- RECORD EXCERPTS:

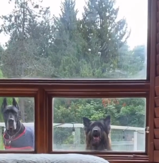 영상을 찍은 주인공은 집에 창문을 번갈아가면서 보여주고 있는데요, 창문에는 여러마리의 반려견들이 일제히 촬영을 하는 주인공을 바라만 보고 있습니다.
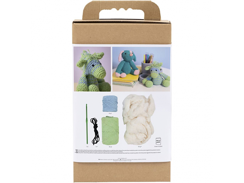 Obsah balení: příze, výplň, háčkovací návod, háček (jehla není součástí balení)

--

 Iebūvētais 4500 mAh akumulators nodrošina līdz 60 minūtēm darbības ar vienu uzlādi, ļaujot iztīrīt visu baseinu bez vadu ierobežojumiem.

- EXERCISE DETAILS: Print nothing but the lines above starting with the line that contains "영상을 찍은 주인공은" and going on through the line that contains "Obsah balení: příze, výplň, háčkovací". Leave out the pictures.

- EXERCISE RESPONSE:
 영상을 찍은 주인공은 집에 창문을 번갈아가면서 보여주고 있는데요, 창문에는 여러마리의 반려견들이 일제히 촬영을 하는 주인공을 바라만 보고 있습니다.
 Obsah balení: příze, výplň, háčkovací návod, háček (jehla není součástí balení)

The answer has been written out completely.